Zem shifted in his seat, wincing slightly as his leg spasmed with a painful twinge. “Regardless, I wish you would have given me something less painful to deal with. Why is it necessary to subject innocent people to such pain? And my planetary code? I devoted my life to emotional suppression because I believed it was right. Was my entire life a lie?” his voice cracked on the last word.

“Not a lie, but an extension of my own truth,” she said, staring out the window. Outside, the trees flew by in explosions of green, one branch hitting the side of the train with a loud bang. The Creator startled, almost spilling her Diet Coke.

“Dammit,” she swore. “Sorry, that startled me.”

Zem’s expression softened slightly. “To be fair, I once knocked over an entire thermal tumbler of romia tea while I was riding the train.”

The Creator looked perplexed. “That wasn’t in my story. You rode the train with Alek when he first arrived, but there was no romia or any thermos.”

“Do you think a record exists of everything that’s ever happened in my life? I’m not an Earth-dweller that documents everything. I also know that despite my two decades of teaching Earth sciences, you’ve never once included me in a classroom scenario.”

She gave a dismissive shrug, even though he was correct. “The magic school trope is a scenario that experienced writers tell you to avoid.”

“The Academy is a research university with centuries of experience documenting the activities of Earth and the Quad-Alliance. I’m not exactly sure what you mean by your statement, but I assure you it is not a ‘magic school.’”

Before she could stop herself, she blurted out, “I’m going to see Siega next. I heard he is still on Earth. Out in the suburbs.”

Zem’s gaze did not waver. “He is. Tell me, Pam, why do you want to meet all your characters while they are still relatively happy? What purpose does it serve other than to tear open fresh wounds?”

“You’re not the only one that needs to have closure. My stories are coming to an end, just like the train ride. It’s time to move on to other genres, to write more characters and different worlds. Twenty-seven years on the same series is enough for now, I believe.”

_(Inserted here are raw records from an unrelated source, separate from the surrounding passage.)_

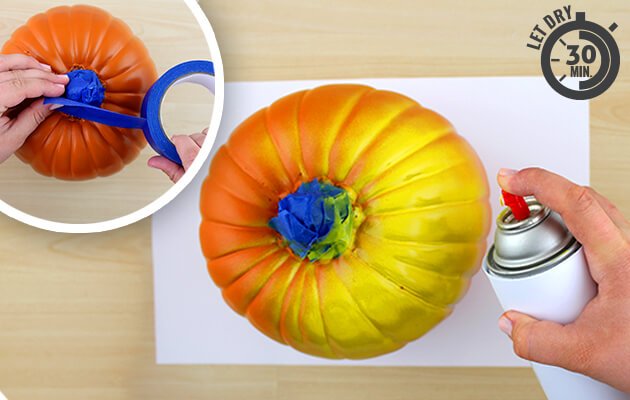 Cover the pumpkin stem with painter's tape, then spray paint the entire pumpkin. Let dry.
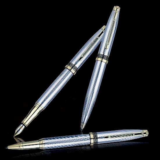 The featured metal pens boast exquisite designs, including ball pens and a fountain pen. Each item is plated with premium colors. The barrels are decorated with various patterns.
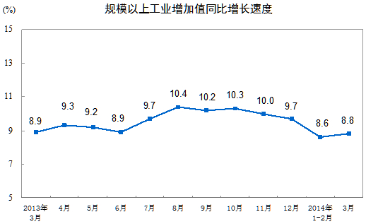 2014年3月份,規(guī)模以上工業(yè)增加值同比實際增長8.8%(以下增加值增速均為扣除價格因素的實際增長率),比1-2月份加快0.2個百分點。從環(huán)比看,3月份比上月增長0.81%。一季度,規(guī)模以上工業(yè)增加值同比增長8.7%。
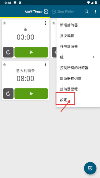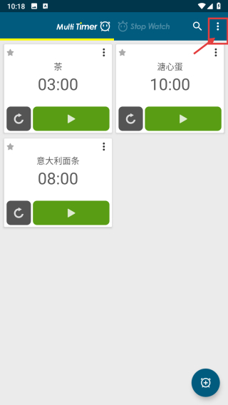 1、打開多計時器類APP,點擊右上角三點菜單按鈕,展開功能菜單。
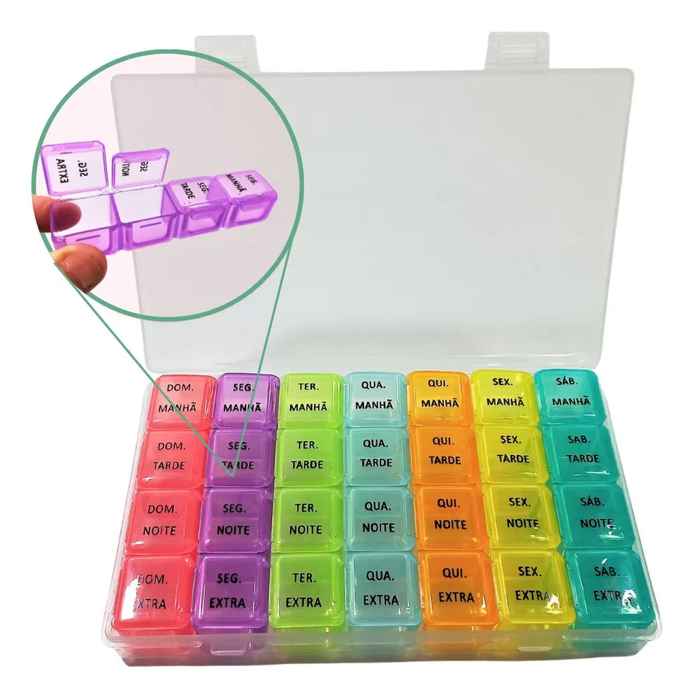 - Excelente para organizar a semana e levar somente o compartimento do dia
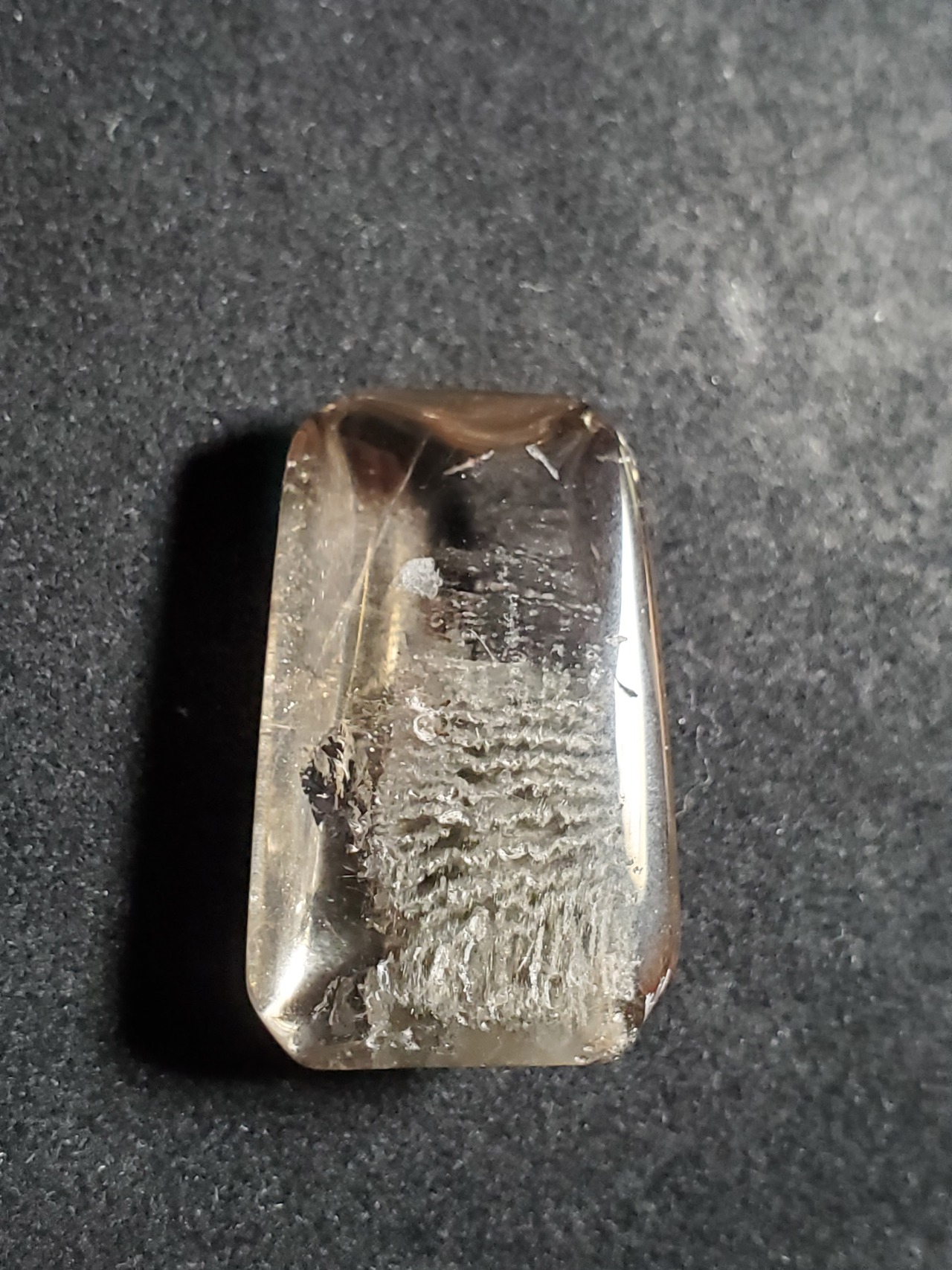 ひとくくりにガーデンクォーツといっても、その表情や種類は様々です。茶色い内包物が含まれるもの、緑色の内包物が含まれるもの、その両方が含まれるもの、さらにファントムが見られるものもあります。ファントムとは、水晶が成長していく過程で地殻変動などのショックが加わり、水晶の成長が一時的に停止した際に、その表面に別の元素が付着し、さらにその後長い年月を経て、水晶が再び成長を始めたために、結晶の中に斜めや三角、山型の像が模様として残る現象を言います。ファントムタイプのガーデンクォーツは、自らの成長の記憶を内部に刻み込んでいるため、持ち主の潜在能力を引き出し、成長を促してくれると伝えられています。
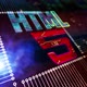 HTML5 development symbol, web programming language icon, internet technology and www network coding concept. 3D symbol flying over computer board circuit. Loopable seamless abstract background.
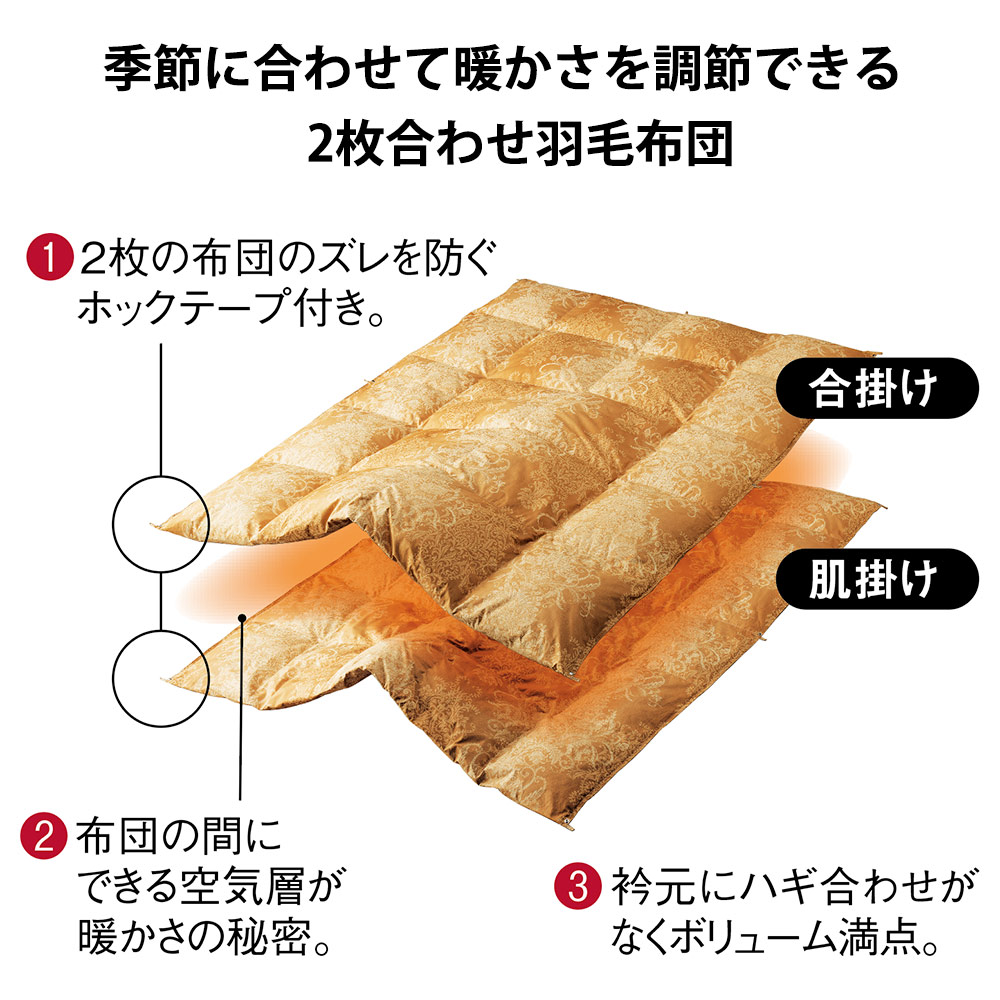 季節に合わせて暖かさを調節できる2枚合わせ羽毛布団
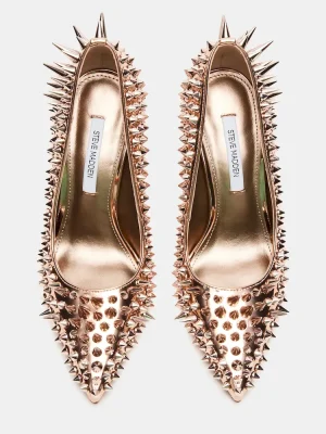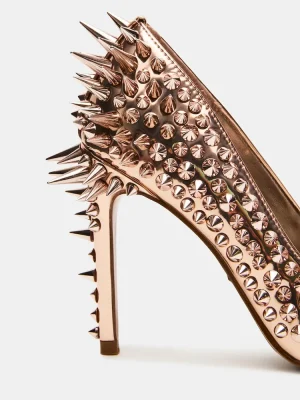 Crafted from luxurious materials, these NOIR ROSE GOLD STUD pumps add a touch of sophistication to any outfit with their sharp pointed-toe design and stiletto heel. Perfect for any occasion, these pumps offer a timeless and elegant look that will elevate your style.
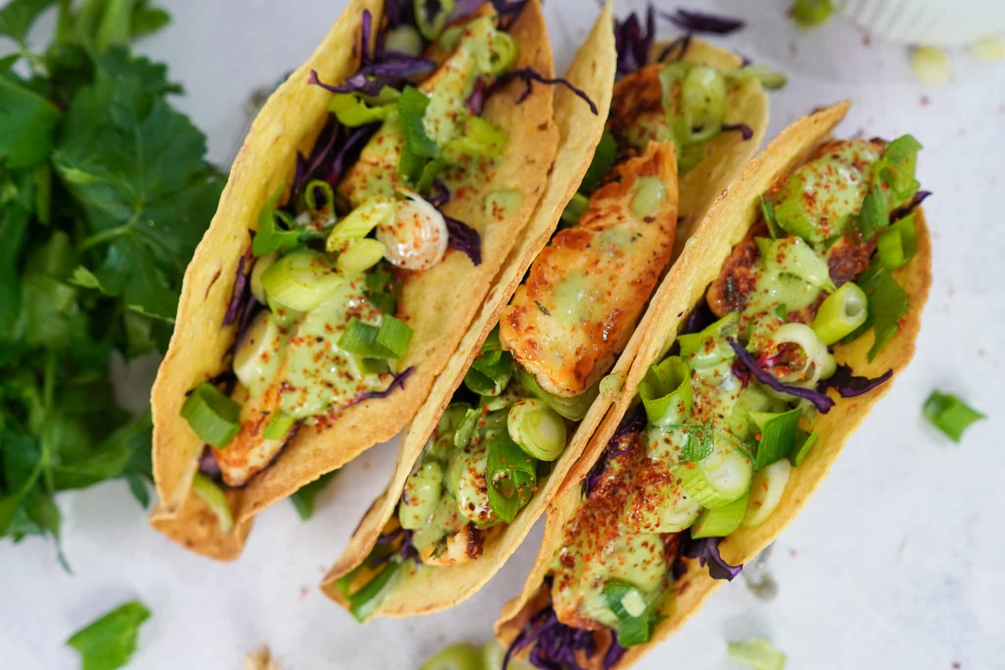- Frühlingszwiebeln: Geben den Tacos einen milden, frischen Zwiebelgeschmack. Fein geschnittene rote Zwiebeln, Schnittlauch oder normale Zwiebeln in dünnen Streifen eignen sich als Alternative.
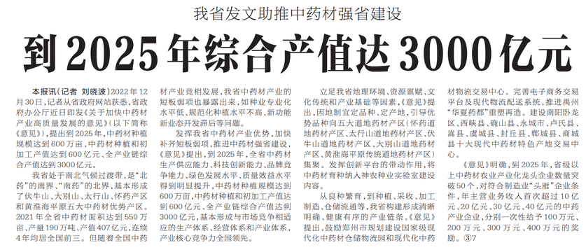 2022年12月30日,记者从省政府网站获悉,省政府办公厅近日印发《关于加快中药材产业高质量发展的意见》,提出到2025年,中药材种植规模达到600万亩,中药材种植和初加工产值达到600亿元、全产业链综合产值达到3000亿元。(今日《河南日报》3版)
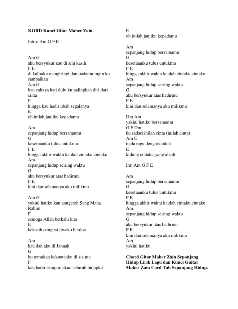 Kru Hingga Ke Jannah Chord Gitar Kord Melayu Malay Guitar Chords Archive
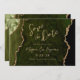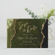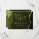 Ce mariage élégant sauvegarder la carte date dispose d'une image arrière - plan d'agate d'aquarelle verte d'olive taillée avec parties scintillant en faux or. Le texte personnalisable combine écriture manuscrite moderne couleur or, cuivre et polices italiques. L'envers présente un design coordonné d'agate vert olive et or.
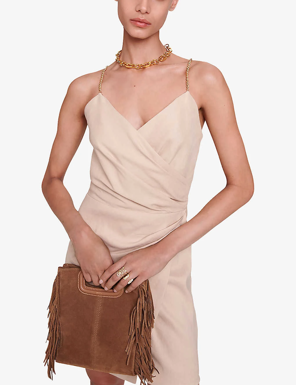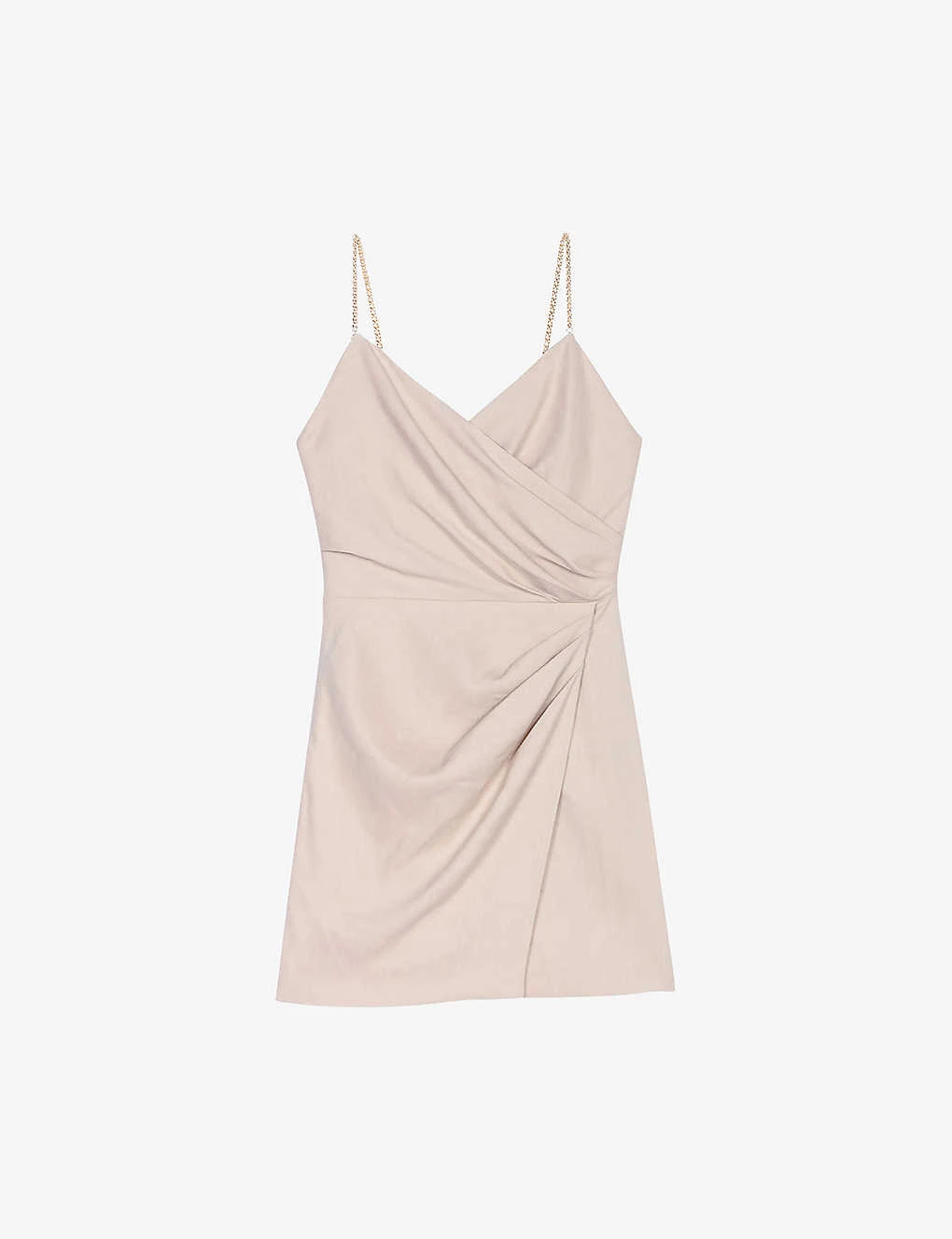 - Slim fit, V neck, sleeveless, mini length, wrap effect, draped design, pleated front, gold-tone adjustable and detachable chain straps, asymmetric design
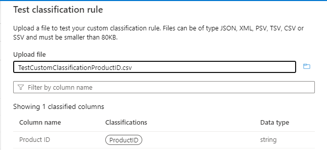 Utilisez la règle de classification de test et testez avec des exemples de données pour vérifier que la règle de classification fonctionne comme prévu. Vérifiez que dans les exemples de données (par exemple, dans un fichier .csv) au moins trois colonnes sont présentes, y compris la colonne sur laquelle la classification doit être appliquée. Si le test réussit, vous devez voir l’étiquette de classification sur la colonne, comme illustré dans l’image suivante :
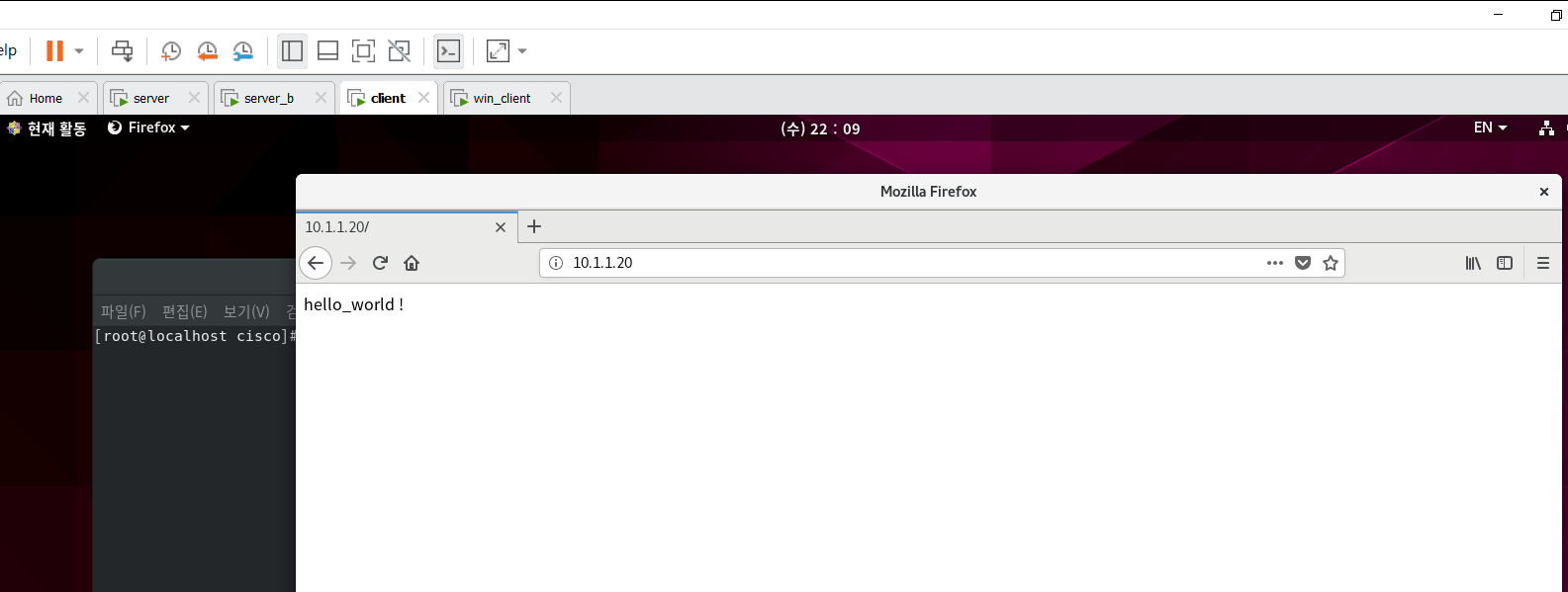 win_client 가 192.168.111.100에서 http를 요청하면 10.1.1.20 웹서버로 연결시켜준다.

Zem considered this, his irises idly moving in circles. “So, you’re going to unknown territory yourself. Does it frighten you?”

“To death.” A noise like a bell sounded through a funnel resonated through the train car, with a warning that they were approaching the Creator’s stop, Kirkwood. “Will you go back to your home planet after meeting me? Or do you have another destination in mind?”

“I believe that is up to you.” He winced as his leg rebelled against gravity. “I hope you will send me somewhere much less uninhabitable.”

“I’ll send you to Hawai’i next time and let you see the ocean.”

He smiled for the first time since he had sat next to her. “I believe that is an acceptable choice.”

“Take care, Zem’ha Balak.”

As she stood up, Zem tugged gently on the hem of her sleeve. “Pam? Don’t harm my friends on your journey. Take care of them.”

“I’ll give them the best ending I can write. Til we meet again.” She exited the seat, taking her laptop with her in a blue canvas bag embroidered with her pseudonym, Anna Wright. She tossed the empty can in the trash receptacle, waiting in the vestibule as the train screeched to a stop.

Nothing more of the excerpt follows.